1.    Modernize Your Processes

Undergoing technological transformation is more important than ever. You need to leverage various innovations to anticipate and prevent any event that can cause you to procure and use materials needlessly.

Contech can help identify design issues early, boost estimation accuracy, predict budget overruns, eliminate miscommunication and reduce the risk of rework. There’s a long list of technologies you must adopt, but you should prioritize CAD, BIM, predictive data analytics, AR and VR.

2.    Explore Alternative Materials

Architects and engineers should think outside the box and explore viable substitutes for commonly used building materials. Being a contrarian can work wonders, reducing your dependence on supplies everybody wants.

Think about more sustainable alternatives to traditional materials. Start with reclaimed wood, recycled steel and repurposed concrete. Look back to the past to rediscover the forgotten, tried-and-true options contemporary construction methods ignore. Adobe, bamboo, cob and straw bale are incredibly renewable examples.

Many emerging products — such as AshCrete, hempcrete and ferrock — aim to replace cement. Swapping concrete for recycled plastic can save money and allow you to build sustainable homes.

Moreover, go modular. Prefabricated building component manufacturers refrain from using materials like lumber — whose prices can explode by more than 200% in one year — and fabricate reusable products, such as vinyl panels, metal structural frames and gypsum boards.

The beauty of modules is efficiency because they’re fast to produce and conserve material. A word of caution — avoid treating modular construction as an afterthought. Incorporating it in the design phase helps eliminate last-minute changes and prevents cost overruns.

3.    Localize Your Supply Chain

Much of the material price volatility stems from importation.
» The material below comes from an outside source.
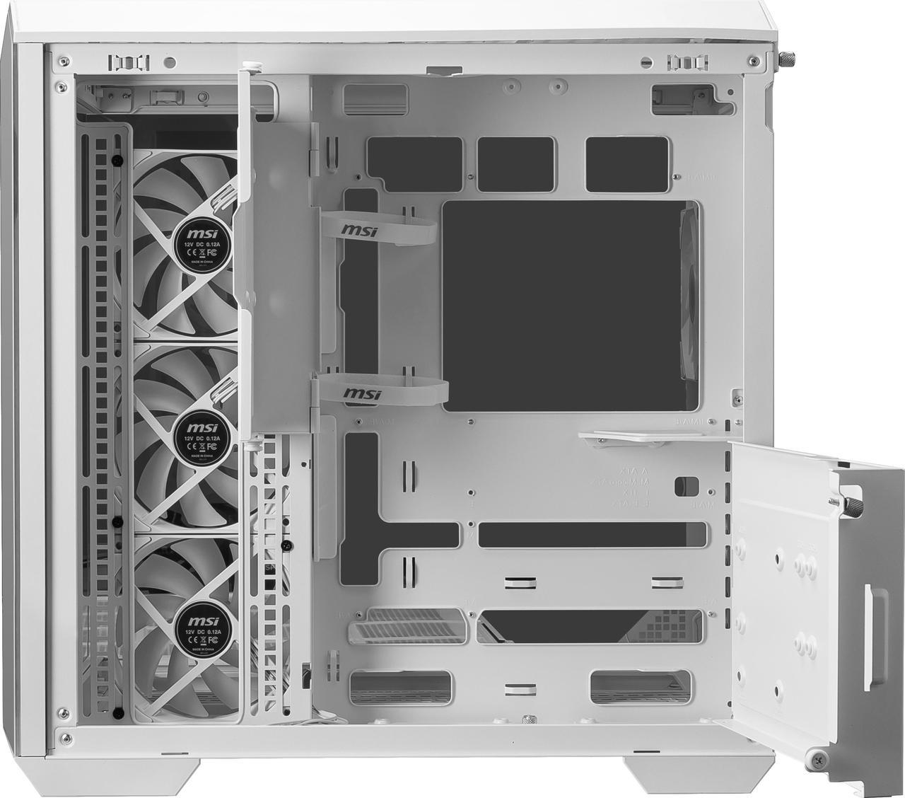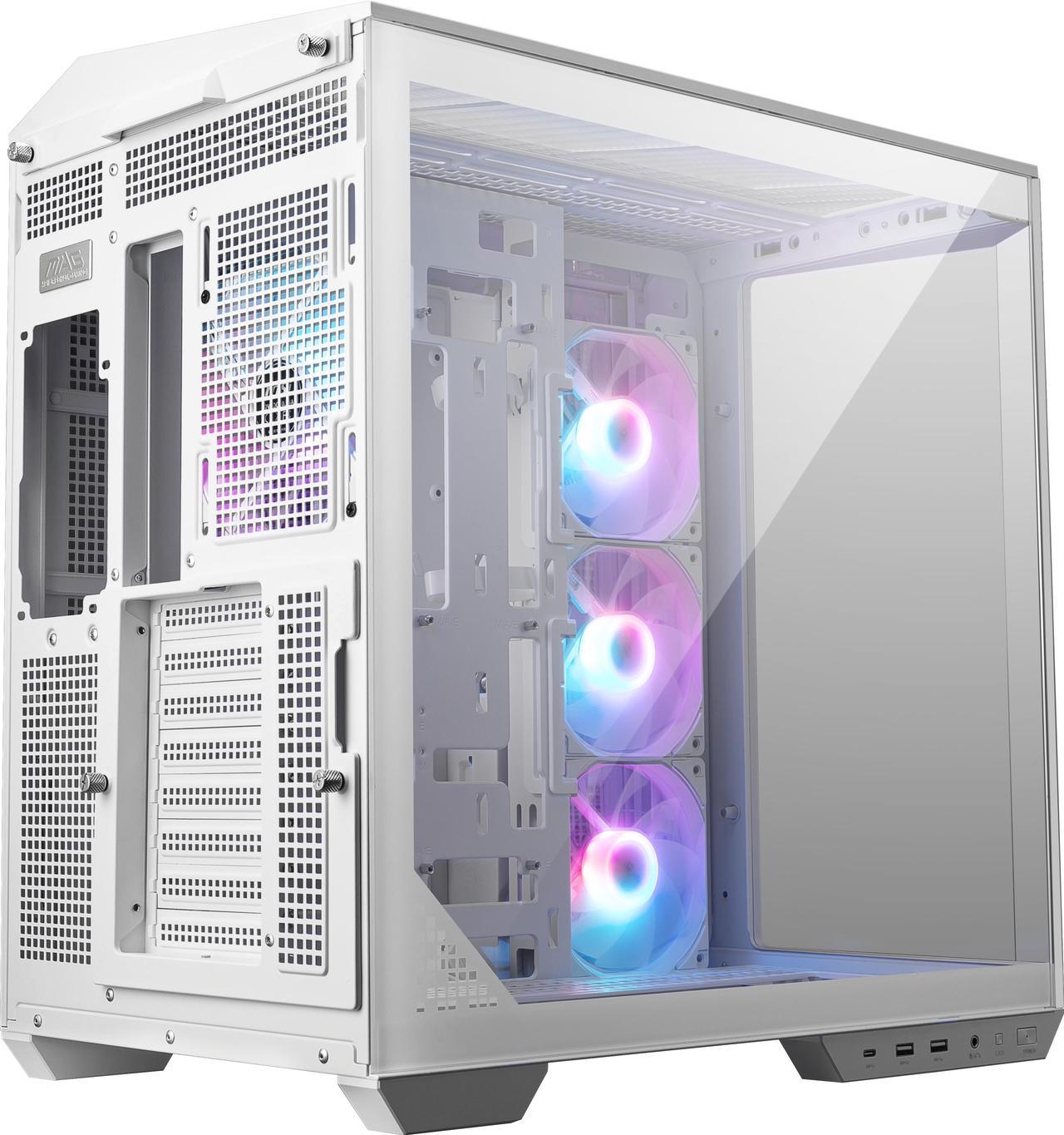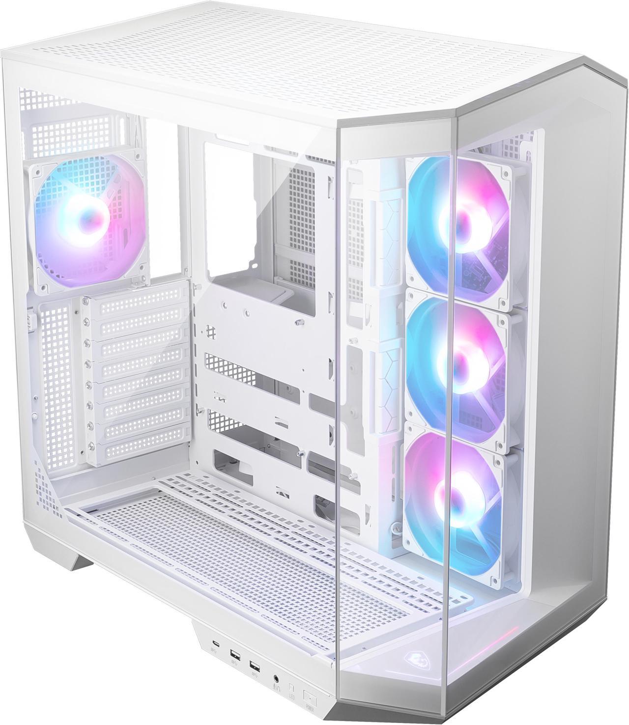 Компьютерный корпус MSI MAG Pano 100R PZ WHITE, Mid Tower, ATX, 2xUSB 3.2 Gen 1, 1xUSB 3.2 Gen2 Type-C, 3x120мм ARGb Reverse Blade Fan, 1x120мм ARGb Fan, ARGb+PWM Control Board,Tempered Glass Window, Brown Box

Although many overseas suppliers can offer cheap, high-quality products, they’re prone to disruption due to trade wars, political tensions and changes in international trade policies.

Climate change also negatively impacts shipping routes. For example, extended droughts have affected the Panama Canal’s operations and delayed freight arrivals to the East Coast.

Rethink your supply chain and strive to source locally. It’s more of a requirement than an option when bidding on publicly funded projects, which require you to procure domestic construction materials.

The price of local products is generally steeper than that of foreign ones. Still, the case may be different when sourcing alternative materials, so look for American suppliers who can meet your needs.

Reform Your Procurement Philosophy

Reducing your exposure to volatile imported material prices is easier said than done. Unfortunately, decoupling from them is vital to keeping your operations afloat and profitable. There’s no magic solution to rising construction costs, but following these tips is a step in the right direction.